- WHAT YOU SHOULD DO:
Although the records contain pictures, the copy should leave them out and match everything else exactly.

- WORKING DATA:
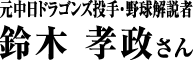 胸のすくような剛速球で、中日ファンの記憶に鮮やかな鈴木孝政さん。昭和48年の入団以来、あるときはリリーフ、あるときは先発として、17年間に数々の記録を残されました。現在は野球解説者としてもおなじみです。気さくなお人柄から、タクシーも楽しんで乗っておられるようでした。 村瀬 僕が鈴木さんの現役時代で一番印象に残っているのは、オールスター戦のときのスピード競争ですよ。 鈴木 ああ、山口高志さん(元阪急)と、セパ両リーグのスピード競演とか言われて。僕が21歳のときですね。 村瀬 勝ったでしょ、鈴木さんが。 鈴木 いえ、山口さんの方が速かったです。僕が選手時代、自分の目で確認して、一番速かったのが彼ですね。 村瀬 僕は鈴木さんの方が、速かった気がしますけど。 鈴木 中日ファンの方は、そう思ってらっしゃるんですけど(笑)。 村瀬 でもあんなにスピードが騒がれ出したのは、鈴木さんからじゃないですか。 鈴木 スピードガンが入ってきましたからね。最初に手に入れたのが広島さん。試合で僕が投げて、測ったんじゃないですか。次の日の新聞に、僕が155キロを計測したと出てたんです。結構うれしかったですね。 村瀬 そりゃそうでしょうね。 鈴木 そのとき米国のノーマン・ライアンが100マイル。160キロですね。「よし、あと5キロだ」なんて。随分、印象にありますね。 村瀬 ストッパーの先駆者なんですけど、先発をされた時期もおありで。先発のほうが楽じゃないですか。 鈴木 それは違いますよ。先発の辛さというのは、投げる日が決まっていることですね。前の晩なんか震えてますよ。打たれたらどうしようとか。僕はバース(元阪神)の顔が浮かんで、どれだけ寝られなかったか。 村瀬 ほお。 鈴木 一番いいバッターですからね、僕の中では。ストライクを投げたら、彼にだけは打たれると思いましたね。デッドボールも、自分から当てたのは彼に1回だけ。「少し休んでもらおう」と(笑)。右ひざ狙ったら、当たりました。一発で。いいコントロールしてましたね。でも「OK!」と言って、返って元気になりましたよ(笑)。 村瀬 選手時代にたくさんの記録を残されて、今も社会的地位を維持していらっしゃる。そういう意味では、トップクラスじゃないかと。そのくらい厳しい世界じゃないですか。 鈴木 厳しいです。選手時代のある日、自分が入団したときにいた約70人の選手が全部、いなくなったんですよ。そのときは家に帰って乾杯しました。サバイバルゲームに勝ったと思って。 村瀬 利用価値があるから残れるわけですからね。 鈴木 そうです。トレードにも出されなかったし。いっぱいありましたけどね、話は。ヤクルトの武上さんが監督のとき、神宮球場に行ったら呼ばれたんですよ。「お前はそんなに大事な選手か。うちがいい条件出してもくれない」と言われて。 村瀬 男冥利に尽きますね、それは。 鈴木 そうです。敵の監督だけど、「いい人だな」と(笑)。 村瀬 実は僕の女房も、鈴木さんのファンだったんですよ。モテたでしょうね、女性に。 鈴木 いやいや。僕は23で結婚しましたからね。高校のときからの付き合いですから、野球選手にならなくても一緒になってたと思いますけどね。 村瀬 幸せな結婚だったんですね。内助の功があったと。 鈴木 美化してやらないとね(笑)。でも野球選手の奥さんは大変ですよ。特にピッチャーは。成績が上がらないと女房にツケが回ることもあるし、わがままだし。寝るのと食べるのが仕事ですから。 村瀬 お仕事柄、あちこちでタクシーにお乗りになる機会も多いと思いますけど、何か印象深いご経験はおありですか。 鈴木 現役時代、アメリカに勉強に行ったんですね。で、ニューヨークでイエローキャブに乗って、「ケネディ・エアポート(空港)」と言ったら、通じないんですよ。その運転手、黒人だったんだけど、英語が分からないんです。道路標識も読めない。だから僕が標識を見ながら「こっち」「あっち」って。大変でしたね。 村瀬 そんな運転手もいるんですねー、向うには。 鈴木 うん。それと金沢でね。行き先は近くのホテルだったんだけど、真夏だし、すぐ中継があるしで、急いでたんですよ。それで行き先言ったら「バカにしとんのか、コラ」と降ろされた(笑)。荷物持って、歩いていきましたよ。みじめだったな、あれは。 村瀬 わが社では、近距離のお客さまを大切にするよう、徹底的に教育しているつもりですけどね。 鈴木 そうですか。気持ちは分かりますけどね。でも近距離もあれば遠いこともある。それが仕事ですからね。 村瀬 名古屋でお乗りになると、運転手は鈴木さんと分かるんじゃないですか。 鈴木 声で分かるんでしょうね。野球の好きな人は、ラジオで解説を聞いているから。飲んだ帰りに乗ると、「鈴木さん、今日は遅いですね」とかね(笑)。 村瀬 よく運転手とお話しになりますか。 鈴木 話す方です。どっちかというと、喜ばれるお客(笑)。僕はあちこち行ってるし、いろんな
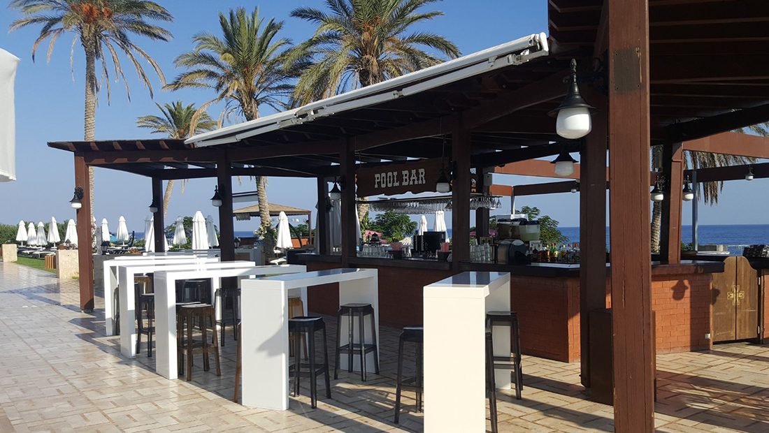 Yaz sezonunda havuz alanında alkollü-alkolsüz içecekler.
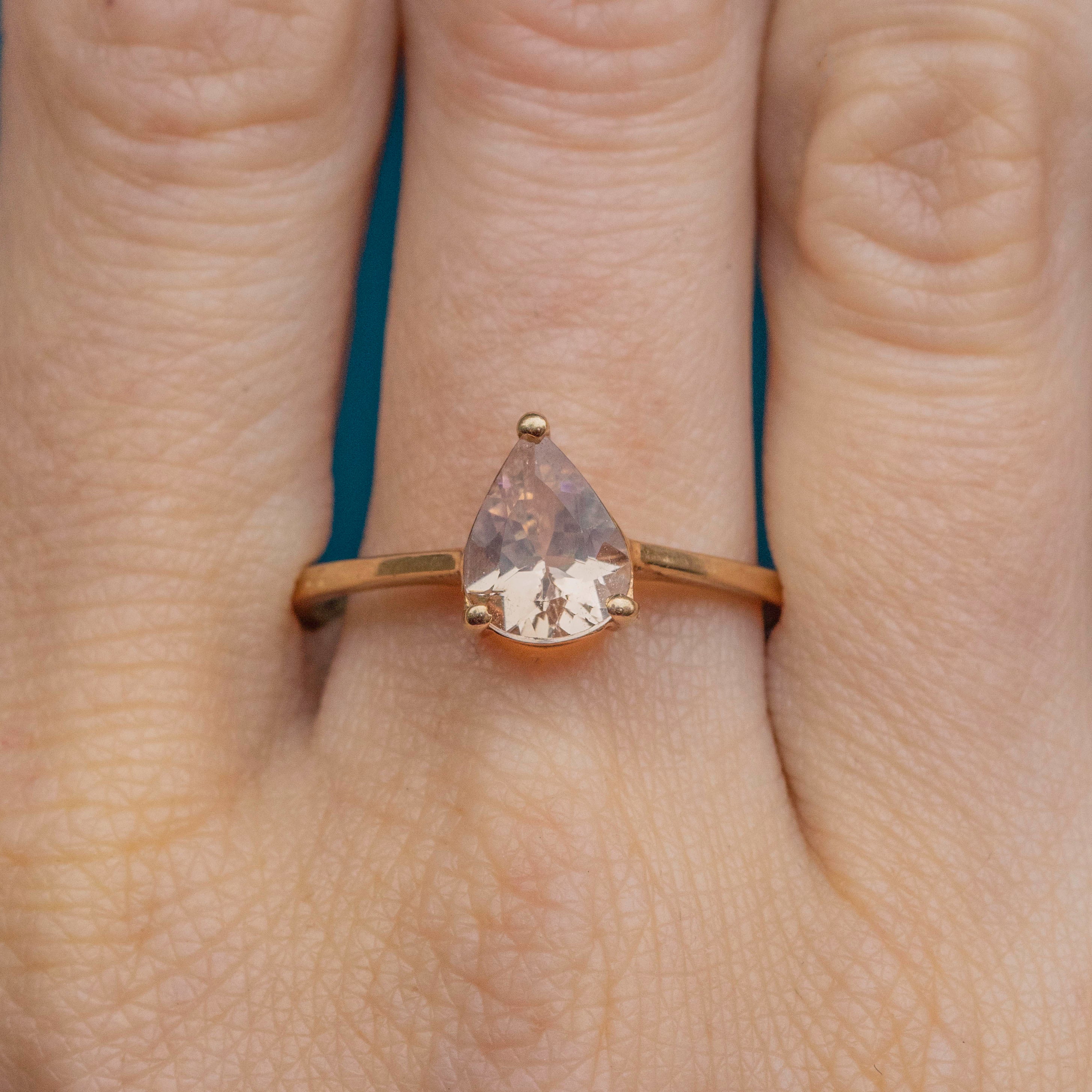 For lovers of soft pastel hues, this 9ct Gold blush Tourmaline pear-cut ring will grab your attention!
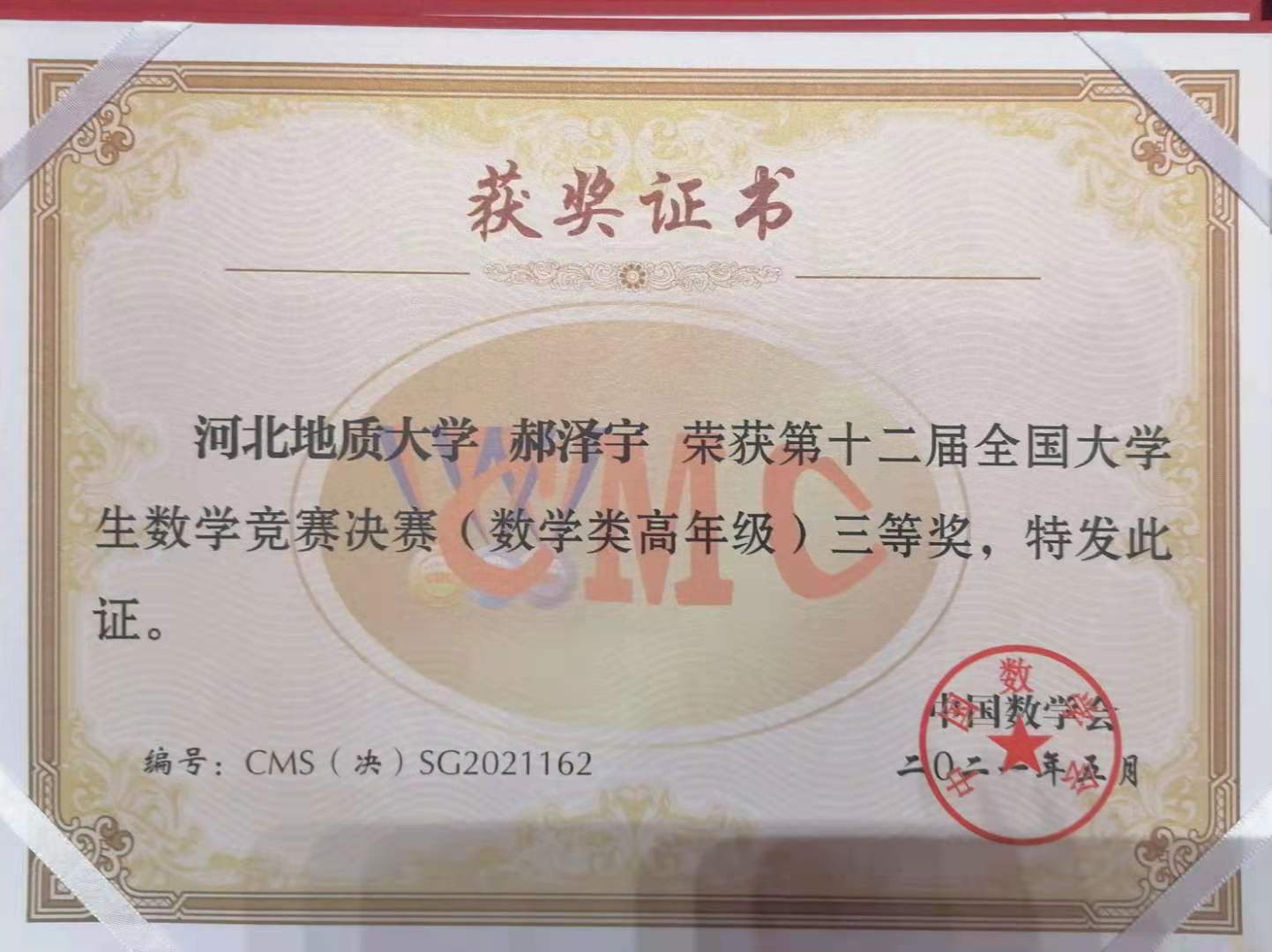据悉,全国大学生数学竞赛是由中国数学学会主办、面向本科学生的全国性高水平学科竞赛,旨在促进我国高等学校提高人才培养质量、促进数学课程建设与教学改革,激励学生学习数学的兴趣,发现和选拔数学创新人才,为青年学子提供一个展示数学能力的舞台。该竞赛已成为国内影响最大、参加人数最多的大学生学科竞赛之一。每届竞赛分赛区初赛和全国决赛两个阶段,本次决赛共有来自全国各省市的600名大学生参赛,其中河北赛区参赛学生24人。
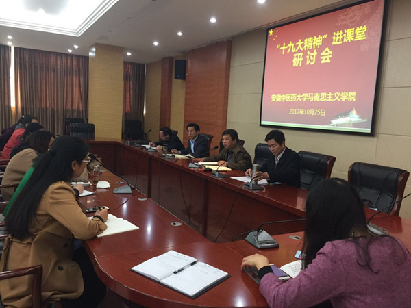 10月25日上午,马克思主义学院“十九大精神进课堂”研讨会在东区新安楼会议室举行。与会老师就思政课各门课程如何渗透十九大精神、如何贯彻落实十九大精神进行了深入研讨。会议由学院党总支书记胡卿主持。
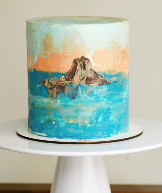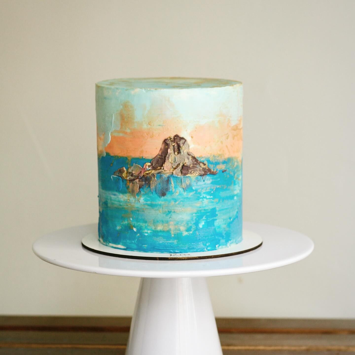 Tarta pintada a mano de Es Vedrà. Diseño fijo, sin modificaciones.
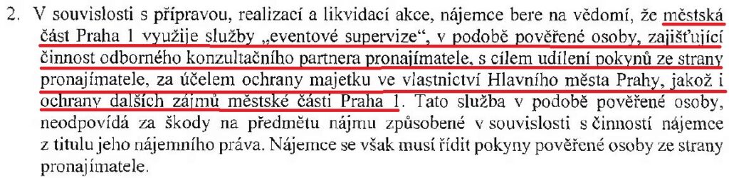 Praha 1 si na rozdíl od neschopného bakaláře Hrozy (TOP 09) dokáže se zajištěním pořádku v nájemní smlouvě poradit. Z nájemní smlouvy MČ Prahy 1 vyplývá je zajištěn nepřetržitý dozor MČ nad akcí která se na jejím pozemku odehrává. Pořadatel tak zcela podléhá pokynům a stížnost na hluk lze okamžitě, efektivně řešit.
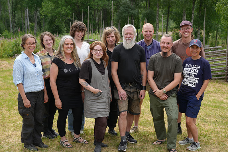 Finnskogskulturen har bidragit till en värdefull slöjdtradition. Under sex dagar har åtta slöjdare vistats på Mattila finngård för att utvecklas i sitt slöjdande och lära mer om ekologi, skog och hållbarhet. Här är sju av dem tillsammans med Region Värmlands hemslöjdsutvecklare Kajsa Stinnerbom, Sara Olsson samt Pernilla Ekenståhl, verksamhetsutvecklare Hemslöjd Gävleborg och Susann Levál, länshemslöjdskonsulent Västmanlands hemslöjdsförbund (bakre raden från vänster). I bakre raden är också deltagarna Daniel Evaeus och Henning Lemcke, Främre raden Ulrika Jäger, Ellinor Siljeström, Joakim Nilsson, Johan Huuva och Birgitta Ryberg. River Karlsson saknas på bilden.
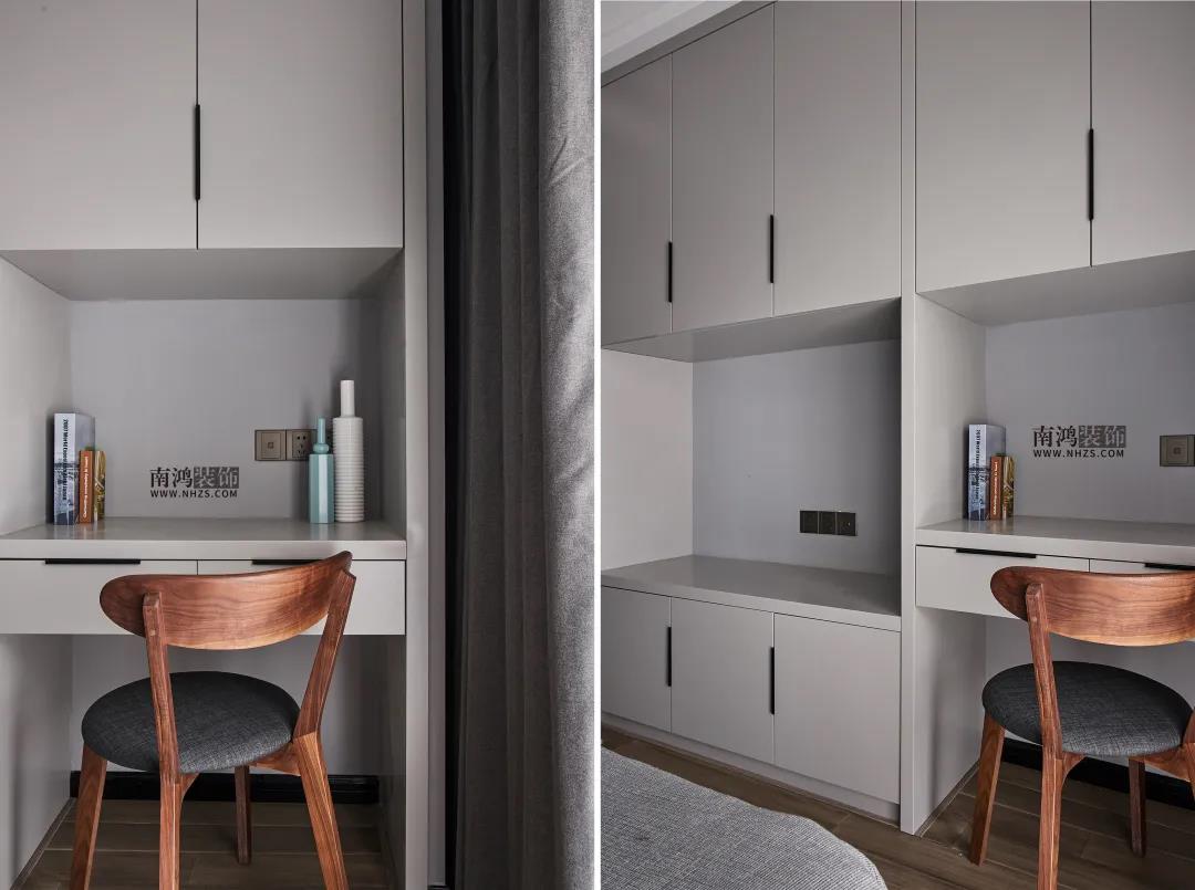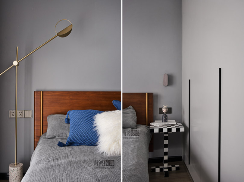 次臥以不同階度的灰色打造,色調(diào)統(tǒng)一的同時又巧妙劃出了層次,一角黑白塊樣式的小幾替代了床頭柜,是個小亮點(diǎn)。
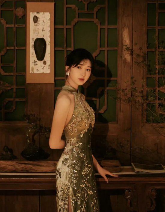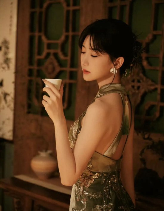 毛晓彤身着的改良旗袍褪去了传统的厚重,用橄榄绿丝绒打底,像把春日的青苔与茶烟揉进了面料,自带柔光滤镜。挂脖露背设计是点睛之笔,纤细的肩带勾勒出蝴蝶骨,后颈垂落的渐变绿流苏,随着动作轻晃,像风中摇曳的柳条,把中式含蓄的性感拿捏得恰到好处。
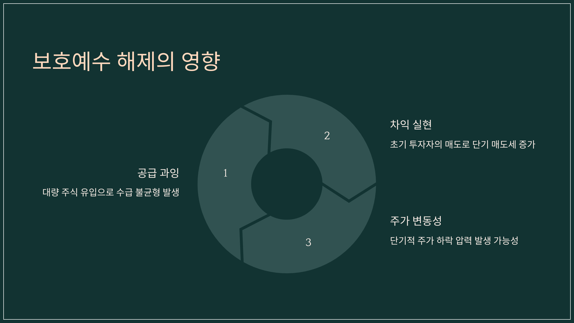 - 공급 과잉: 보호예수 해제 이후 시장에 대량의 주식이 유입될 경우 수급 불균형 발생.

- EXERCISE RESPONSE:
 胸のすくような剛速球で、中日ファンの記憶に鮮やかな鈴木孝政さん。昭和48年の入団以来、あるときはリリーフ、あるときは先発として、17年間に数々の記録を残されました。現在は野球解説者としてもおなじみです。気さくなお人柄から、タクシーも楽しんで乗っておられるようでした。 村瀬 僕が鈴木さんの現役時代で一番印象に残っているのは、オールスター戦のときのスピード競争ですよ。 鈴木 ああ、山口高志さん(元阪急)と、セパ両リーグのスピード競演とか言われて。僕が21歳のときですね。 村瀬 勝ったでしょ、鈴木さんが。 鈴木 いえ、山口さんの方が速かったです。僕が選手時代、自分の目で確認して、一番速かったのが彼ですね。 村瀬 僕は鈴木さんの方が、速かった気がしますけど。 鈴木 中日ファンの方は、そう思ってらっしゃるんですけど(笑)。 村瀬 でもあんなにスピードが騒がれ出したのは、鈴木さんからじゃないですか。 鈴木 スピードガンが入ってきましたからね。最初に手に入れたのが広島さん。試合で僕が投げて、測ったんじゃないですか。次の日の新聞に、僕が155キロを計測したと出てたんです。結構うれしかったですね。 村瀬 そりゃそうでしょうね。 鈴木 そのとき米国のノーマン・ライアンが100マイル。160キロですね。「よし、あと5キロだ」なんて。随分、印象にありますね。 村瀬 ストッパーの先駆者なんですけど、先発をされた時期もおありで。先発のほうが楽じゃないですか。 鈴木 それは違いますよ。先発の辛さというのは、投げる日が決まっていることですね。前の晩なんか震えてますよ。打たれたらどうしようとか。僕はバース(元阪神)の顔が浮かんで、どれだけ寝られなかったか。 村瀬 ほお。 鈴木 一番いいバッターですからね、僕の中では。ストライクを投げたら、彼にだけは打たれると思いましたね。デッドボールも、自分から当てたのは彼に1回だけ。「少し休んでもらおう」と(笑)。右ひざ狙ったら、当たりました。一発で。いいコントロールしてましたね。でも「OK!」と言って、返って元気になりましたよ(笑)。 村瀬 選手時代にたくさんの記録を残されて、今も社会的地位を維持していらっしゃる。そういう意味では、トップクラスじゃないかと。そのくらい厳しい世界じゃないですか。 鈴木 厳しいです。選手時代のある日、自分が入団したときにいた約70人の選手が全部、いなくなったんですよ。そのときは家に帰って乾杯しました。サバイバルゲームに勝ったと思って。 村瀬 利用価値があるから残れるわけですからね。 鈴木 そうです。トレードにも出されなかったし。いっぱいありましたけどね、話は。ヤクルトの武上さんが監督のとき、神宮球場に行ったら呼ばれたんですよ。「お前はそんなに大事な選手か。うちがいい条件出してもくれない」と言われて。 村瀬 男冥利に尽きますね、それは。 鈴木 そうです。敵の監督だけど、「いい人だな」と(笑)。 村瀬 実は僕の女房も、鈴木さんのファンだったんですよ。モテたでしょうね、女性に。 鈴木 いやいや。僕は23で結婚しましたからね。高校のときからの付き合いですから、野球選手にならなくても一緒になってたと思いますけどね。 村瀬 幸せな結婚だったんですね。内助の功があったと。 鈴木 美化してやらないとね(笑)。でも野球選手の奥さんは大変ですよ。特にピッチャーは。成績が上がらないと女房にツケが回ることもあるし、わがままだし。寝るのと食べるのが仕事ですから。 村瀬 お仕事柄、あちこちでタクシーにお乗りになる機会も多いと思いますけど、何か印象深いご経験はおありですか。 鈴木 現役時代、アメリカに勉強に行ったんですね。で、ニューヨークでイエローキャブに乗って、「ケネディ・エアポート(空港)」と言ったら、通じないんですよ。その運転手、黒人だったんだけど、英語が分からないんです。道路標識も読めない。だから僕が標識を見ながら「こっち」「あっち」って。大変でしたね。 村瀬 そんな運転手もいるんですねー、向うには。 鈴木 うん。それと金沢でね。行き先は近くのホテルだったんだけど、真夏だし、すぐ中継があるしで、急いでたんですよ。それで行き先言ったら「バカにしとんのか、コラ」と降ろされた(笑)。荷物持って、歩いていきましたよ。みじめだったな、あれは。 村瀬 わが社では、近距離のお客さまを大切にするよう、徹底的に教育しているつもりですけどね。 鈴木 そうですか。気持ちは分かりますけどね。でも近距離もあれば遠いこともある。それが仕事ですからね。 村瀬 名古屋でお乗りになると、運転手は鈴木さんと分かるんじゃないですか。 鈴木 声で分かるんでしょうね。野球の好きな人は、ラジオで解説を聞いているから。飲んだ帰りに乗ると、「鈴木さん、今日は遅いですね」とかね(笑)。 村瀬 よく運転手とお話しになりますか。 鈴木 話す方です。どっちかというと、喜ばれるお客(笑)。僕はあちこち行ってるし、いろんな
 Yaz sezonunda havuz alanında alkollü-alkolsüz içecekler.
 For lovers of soft pastel hues, this 9ct Gold blush Tourmaline pear-cut ring will grab your attention!
据悉,全国大学生数学竞赛是由中国数学学会主办、面向本科学生的全国性高水平学科竞赛,旨在促进我国高等学校提高人才培养质量、促进数学课程建设与教学改革,激励学生学习数学的兴趣,发现和选拔数学创新人才,为青年学子提供一个展示数学能力的舞台。该竞赛已成为国内影响最大、参加人数最多的大学生学科竞赛之一。每届竞赛分赛区初赛和全国决赛两个阶段,本次决赛共有来自全国各省市的600名大学生参赛,其中河北赛区参赛学生24人。
 10月25日上午,马克思主义学院“十九大精神进课堂”研讨会在东区新安楼会议室举行。与会老师就思政课各门课程如何渗透十九大精神、如何贯彻落实十九大精神进行了深入研讨。会议由学院党总支书记胡卿主持。
 Tarta pintada a mano de Es Vedrà. Diseño fijo, sin modificaciones.
 Praha 1 si na rozdíl od neschopného bakaláře Hrozy (TOP 09) dokáže se zajištěním pořádku v nájemní smlouvě poradit. Z nájemní smlouvy MČ Prahy 1 vyplývá je zajištěn nepřetržitý dozor MČ nad akcí která se na jejím pozemku odehrává. Pořadatel tak zcela podléhá pokynům a stížnost na hluk lze okamžitě, efektivně řešit.
 Finnskogskulturen har bidragit till en värdefull slöjdtradition. Under sex dagar har åtta slöjdare vistats på Mattila finngård för att utvecklas i sitt slöjdande och lära mer om ekologi, skog och hållbarhet. Här är sju av dem tillsammans med Region Värmlands hemslöjdsutvecklare Kajsa Stinnerbom, Sara Olsson samt Pernilla Ekenståhl, verksamhetsutvecklare Hemslöjd Gävleborg och Susann Levál, länshemslöjdskonsulent Västmanlands hemslöjdsförbund (bakre raden från vänster). I bakre raden är också deltagarna Daniel Evaeus och Henning Lemcke, Främre raden Ulrika Jäger, Ellinor Siljeström, Joakim Nilsson, Johan Huuva och Birgitta Ryberg. River Karlsson saknas på bilden.
 次臥以不同階度的灰色打造,色調(diào)統(tǒng)一的同時又巧妙劃出了層次,一角黑白塊樣式的小幾替代了床頭柜,是個小亮點(diǎn)。
 毛晓彤身着的改良旗袍褪去了传统的厚重,用橄榄绿丝绒打底,像把春日的青苔与茶烟揉进了面料,自带柔光滤镜。挂脖露背设计是点睛之笔,纤细的肩带勾勒出蝴蝶骨,后颈垂落的渐变绿流苏,随着动作轻晃,像风中摇曳的柳条,把中式含蓄的性感拿捏得恰到好处。
 - 공급 과잉: 보호예수 해제 이후 시장에 대량의 주식이 유입될 경우 수급 불균형 발생.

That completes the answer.